Not surprisingly, many MBA teachers disagree with Musk. Robert Siegel, who teaches at the Stanford Graduate School of Business, said Musk is "completely off base talking about M.B.A.s." Siegel challenges Musk's charge that MBA  courses don't teach people how to be entrepreneurs. 

But a Canadian professor of management studies admitted that "[t]he MBA trains the wrong people in the wrong ways with the wrong consequences." And Jessica Stillman, writing for Inc., suggests that people could save a lot of money simply by reading ten well-known books about business. 

Musk's skepticism about MBA degrees falls within a larger debate about the value of graduate degrees in general. Speaking as a person who is embarrassed to have two graduate degrees from Harvard, here is my take on this topic.

First, don't go to graduate school unless you believe a graduate degree will improve your job prospects.  Public-school educators in some school systems get an automatic raise if they have a master's degree in education, so it may make economic sense for a teacher to pursue an advanced degree in education regardless of whether there is any substance to the program.

Second, don't pay too much money to get a graduate degree--especially a degree from a non-elite institution. Many colleges introduced expensive MBA programs after Congress introduced the Grad PLUS program that lifted the cap on how much people could borrow for graduate school.

Northeastern University, for example, offers an online MBA program costing $78,000, which Northeastern claims is "an affordable option" compared to other programs, which charge as much as $200,000. 

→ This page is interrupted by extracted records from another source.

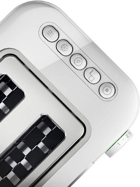 Funkcje podgrzewania, rozmrażania i zatrzymania opiekania możliwe są do ustawienia na górnej części tostera. Elementy sterujące funkcją podnoszenia pieczywa oraz kontrolujące stopnień zarumienienia znajdują się z boku urządzenia.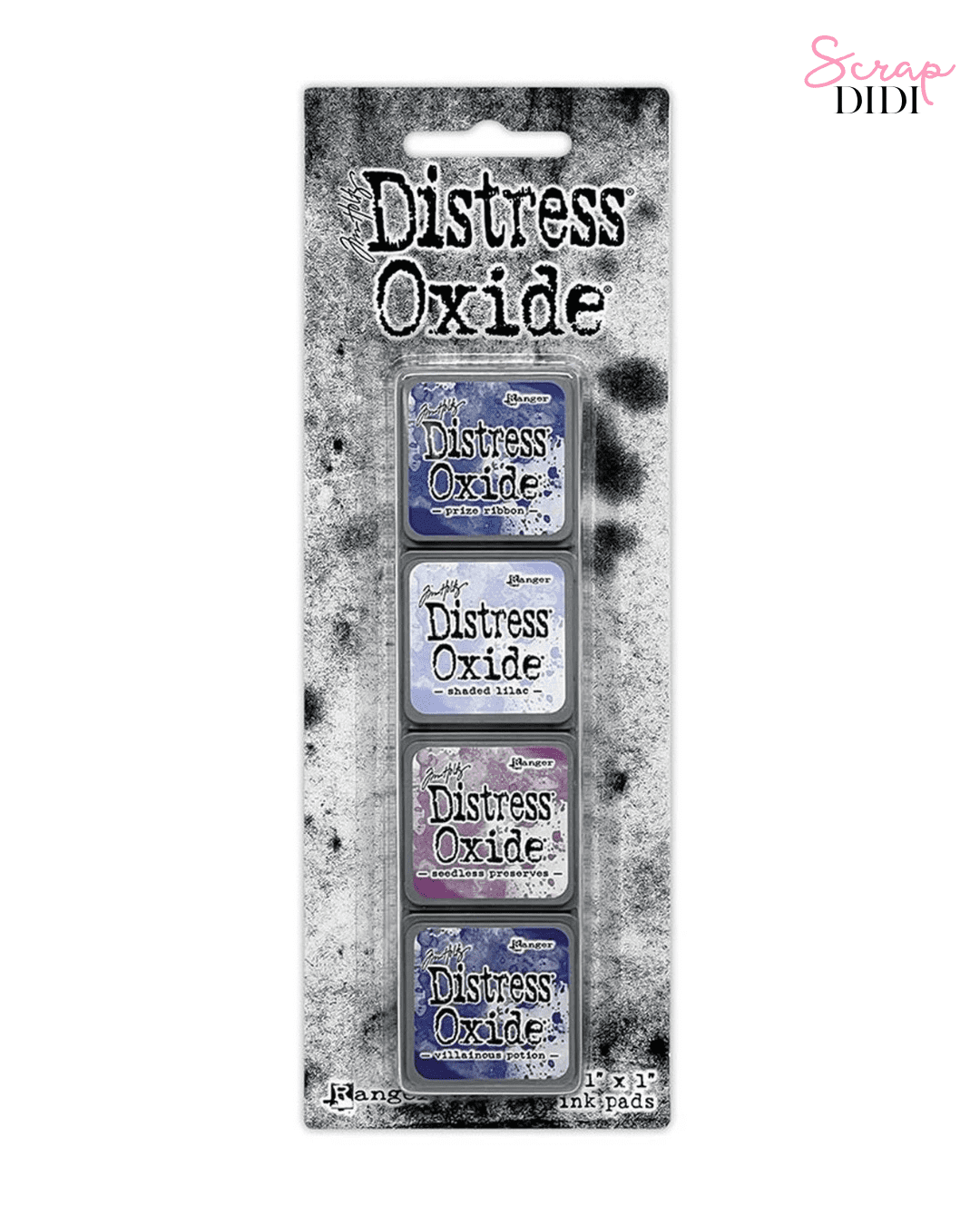 Kit 5 Distress Mini Oxide Ink Pads Tim Holtz. 4 encres : Prize Ribbon, Shaded Lilac, Seedless Preserves, Villainous Potion. Effet oxydé unique.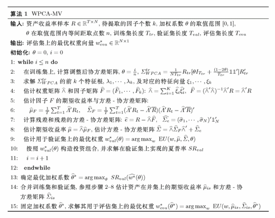 基于此,作者受风险溢价PCA算法启发,考虑将期望收益率估计误差信息引入PCA算法,将一阶矩定价误差和二阶矩定价误差加权,构建一种加权PCA算法,能够同时兼顾期望收益率和方差协方差矩阵估计精度的因子。进一步地,作者基于该算法构建统计因子得到两个输入参数的改进估计量,最后将改进估计量带入MV策略从而构建了WPCA-MV策略。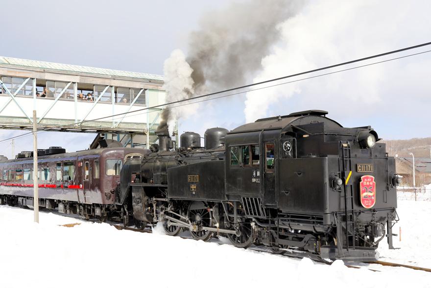 〔「SL冬の湿原号」 標茶駅 機関車と客車との連結を終え、釧路へ向けての発車準備完了! R. 7. 2. 14 撮影 〕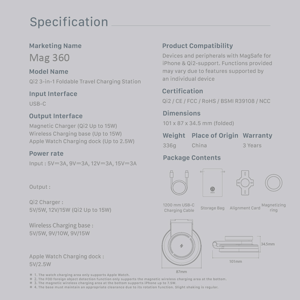 Mag 360 Qi2 3-in-1 Foldable Travel Charging Station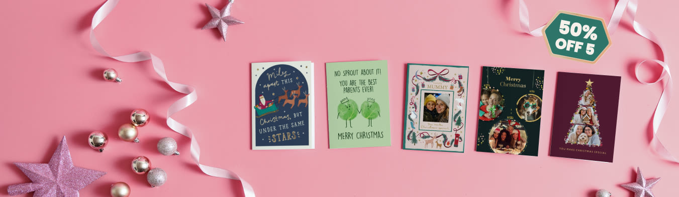 Use code 50OFF5 to get 50% off 5 cards or more. Because this Christmas, everyone deserves a Moonpig.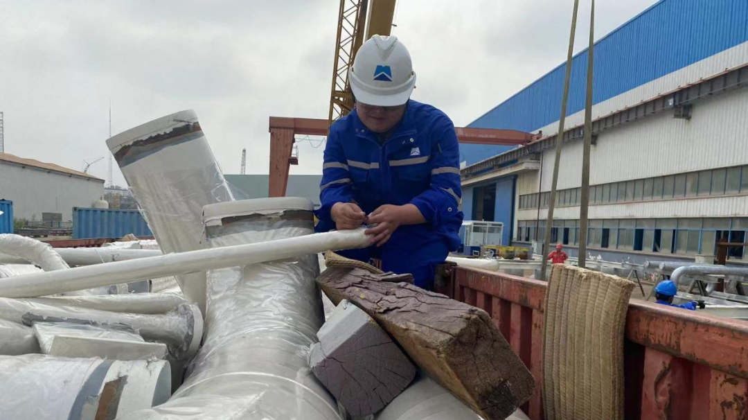 中(zhōng)石油(yóu)管(guǎn)線預製項目裝車過程中趙燁帆、梁坤進行反號(hào)工作,認真核對每根管段的吊牌號碼,保證交接清單(dān)的數據無誤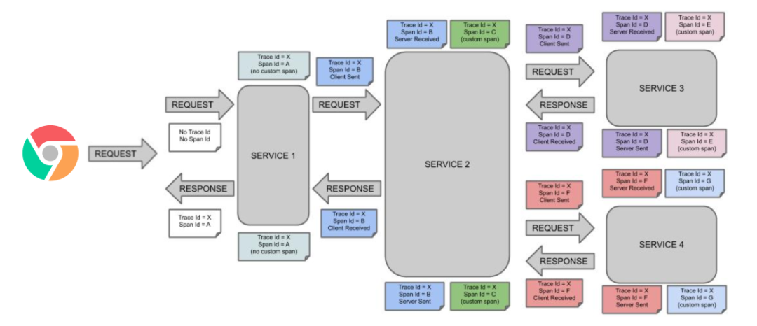 Service 2开始处理这个请求,处理完之后,Trace ID 不变,Span ID = C。 -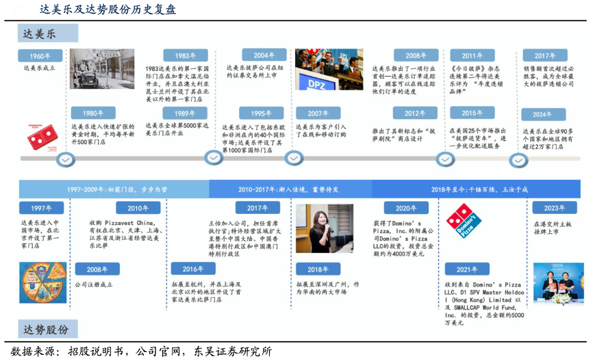 经典案例:根据招股说明书、公司官网、东吴证券研究所等综合资讯表明,2018 年 8 月、11 月达美乐公司成功扩张至深圳及广州,标志着全国化布局取得重大突破。由点及面、精耕细作,2023 年公司于香港成功上市,截至 2024 年底,公司门店已成功扩展至 39 个城市,门店总数达 1008 家。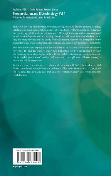 This volume focuses explicitly on the remediation of noxious substances in stressed environs. It includes expert-contributed chapters on bio-monitoring by way of evaluating the relationship of biota with the polluted/stressed environs, sustainable plant-based degradation of noxious pollutants, and the application of biotechnologies to achieve tailored responses.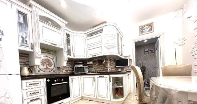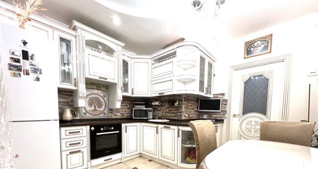 Квартира в классическом стиле с современным ремонтом. Ремонт делали для себя, продумывая каждую деталь для удобства и комфорта. Дверные проемы не стандартные , все двери делались под заказ. , натяжные потолки в комнатах и холе, на кухне гипрок с подсветкой. В Ванне и лоджии подвесной потолок. Полы ламинат и плитка.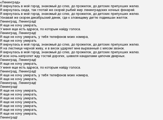 Ленинград гамаюн текст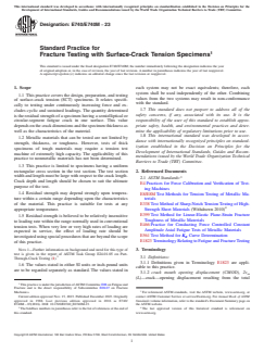 1.1 This practice covers the design, preparation, and testing of surface-crack tension (SCT) specimens. It relates specifically to testing under continuously increasing force and excludes cyclic and sustained loadings. The quantity determined is the residual strength of a specimen having a semielliptical or circular-segment fatigue crack in one surface. This value depends on the crack dimensions and the specimen thickness as well as the characteristics of the material.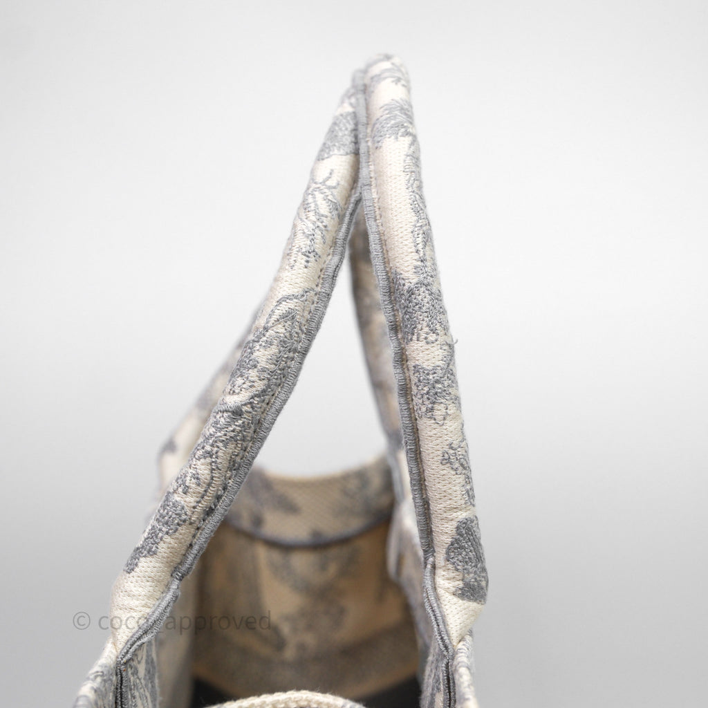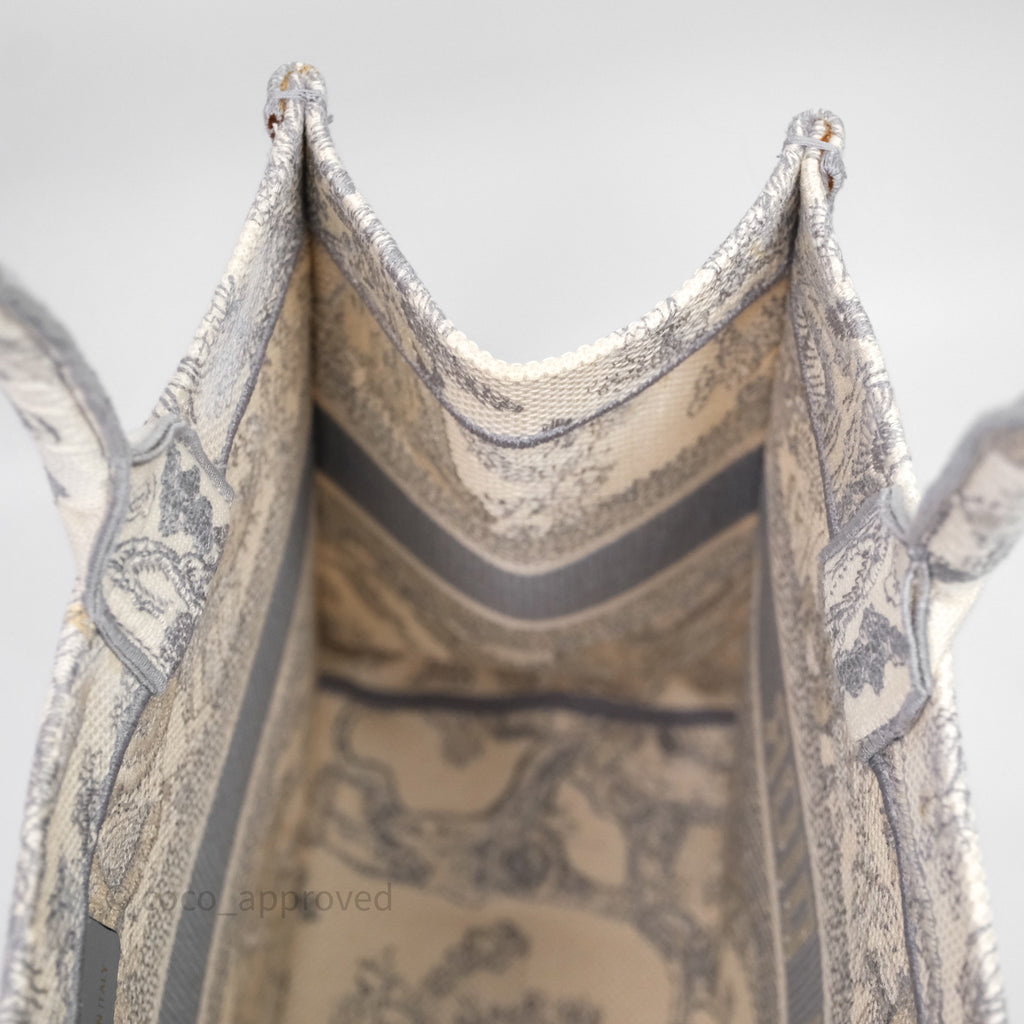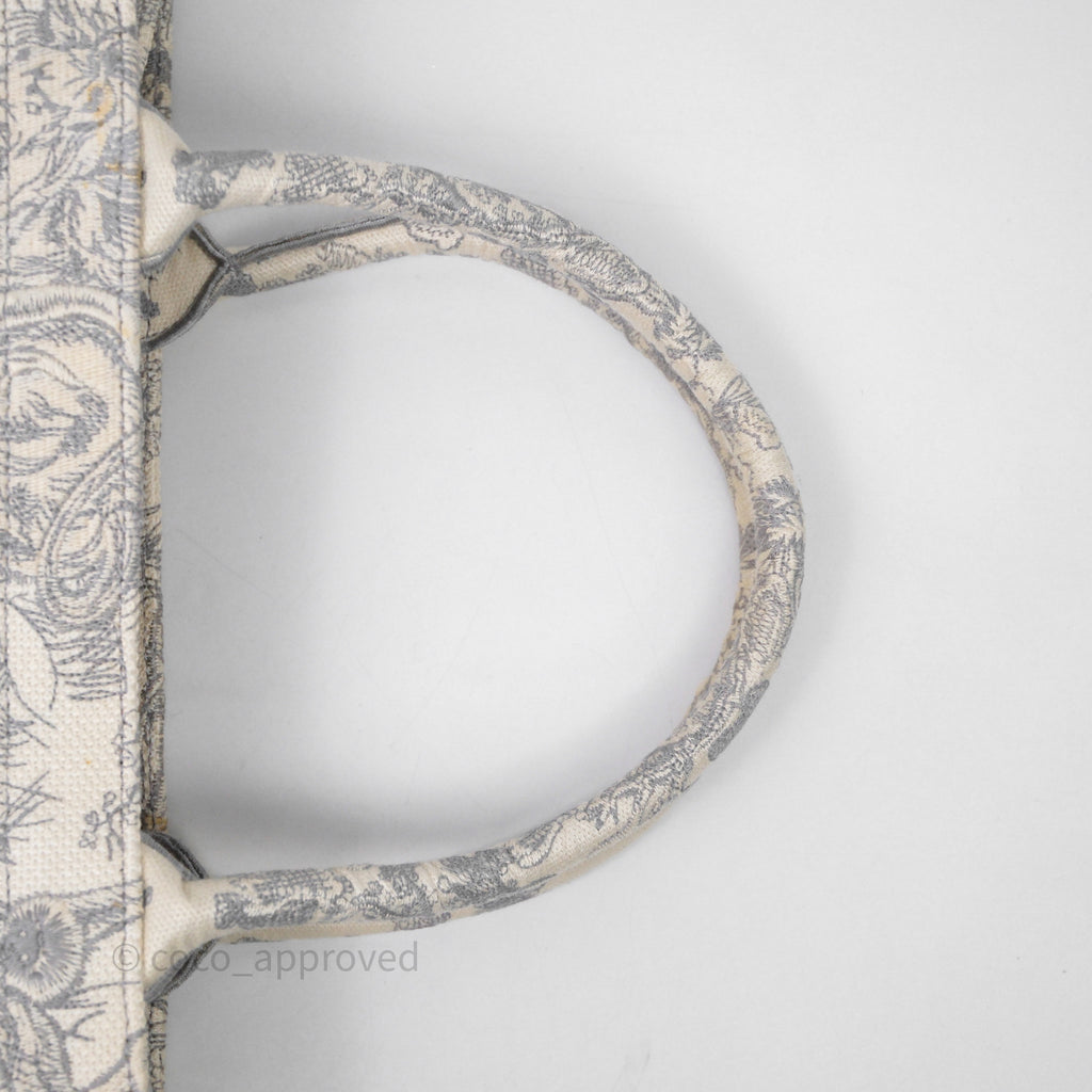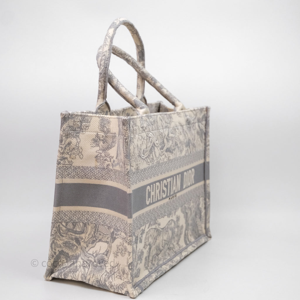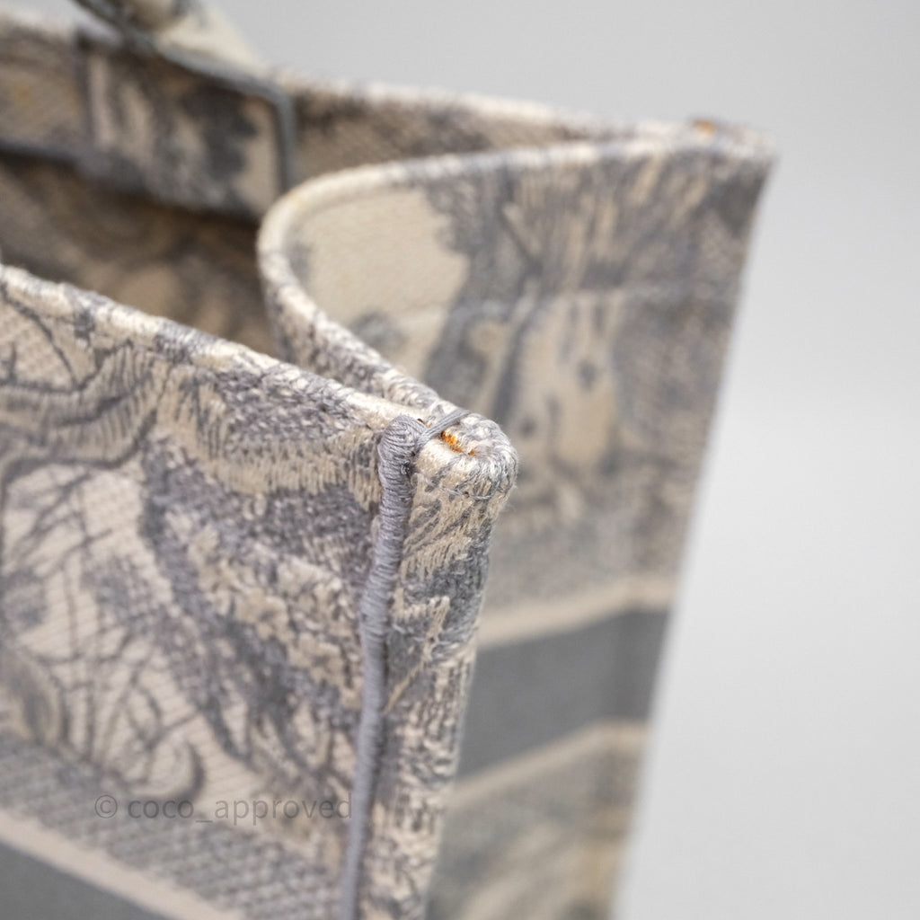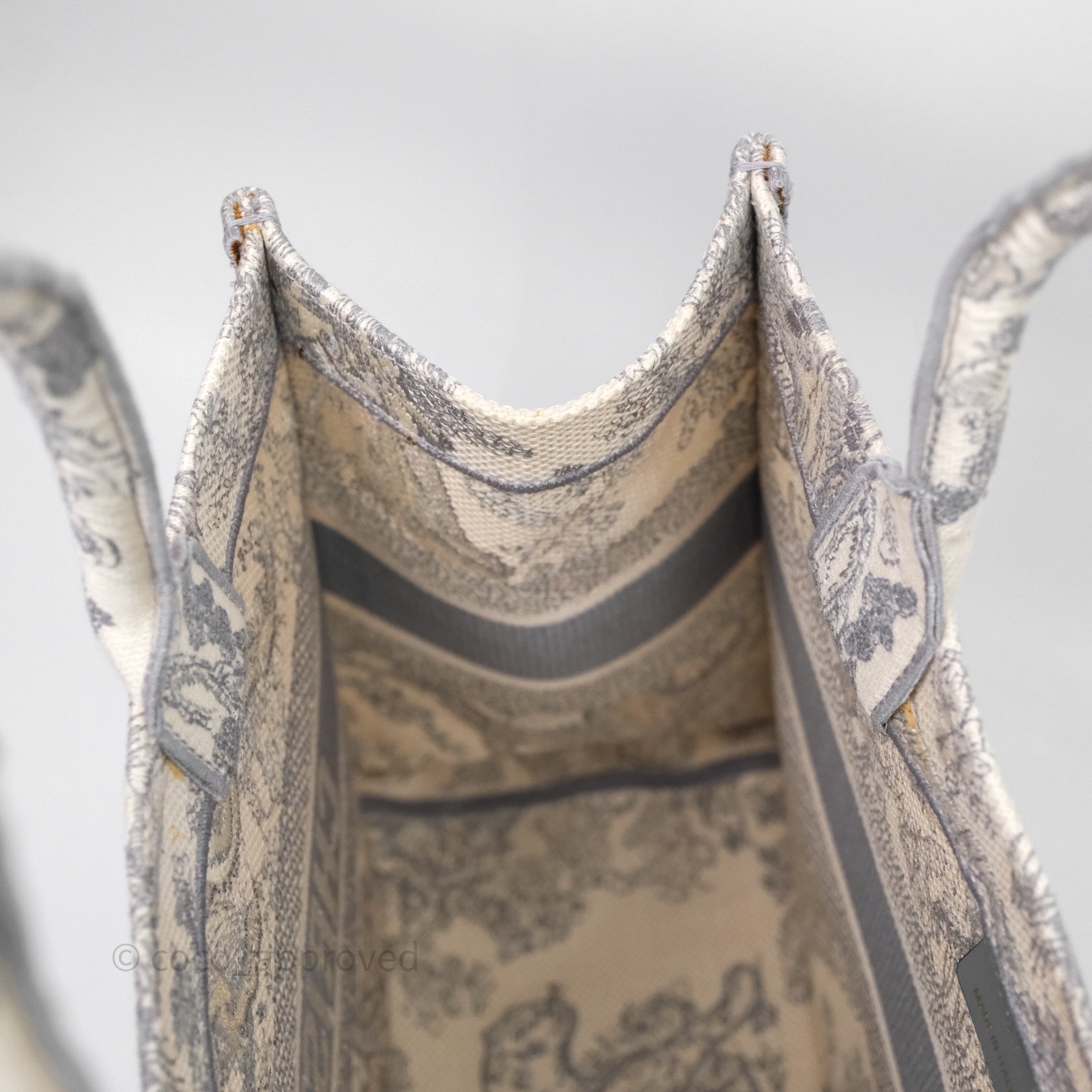 Christian Dior Medium (Old Small) Embroidered Toile De Jouy Light Grey Canvas Book Tote

Maybe that is so, but ask your friends who have MBAs if they think the experience was worth the cost.  You may be surprised by some of the responses you will get.

Third, don't get a graduate degree that might actually hurt your job prospects.  For example, many law schools offer master's degrees, which require an additional year of study beyond the basic J.D. degree. Some law schools offer graduate degrees in law for people who do not intend to practice law. 

I've known people who pursued a graduate degree in law because they didn't excel in law school and didn't get a good law job after graduating.  An extra law degree, they think, will enhance their job prospects.

But employers can sniff out the motivation for that strategy. If the job applicant had a brilliant career in law school, that person would probably be pulling down a six-figure salary in a prestigious law firm instead of hanging around a law school for an additional year.

And an online graduate degree from a for-profit school may be absolutely worthless in the job market. I've sat on many faculty hiring committees and heard committee members reject any job candidate who obtained a doctoral degree from a for-profit school.

Finally, weigh the opportunity costs of going to graduate school. Are you gaining experience in your present job that will likely pay off later in salary increases and promotions?  If so, why leave the job market and take out student loans to go to graduate school?

This is the bottom line. Don't take out student loans to go to graduate school unless there is absolutely no other way to achieve your professional goals. Millions of Americans have had successful careers without graduate degrees, and millions more have graduate degrees and don't know nuthin'.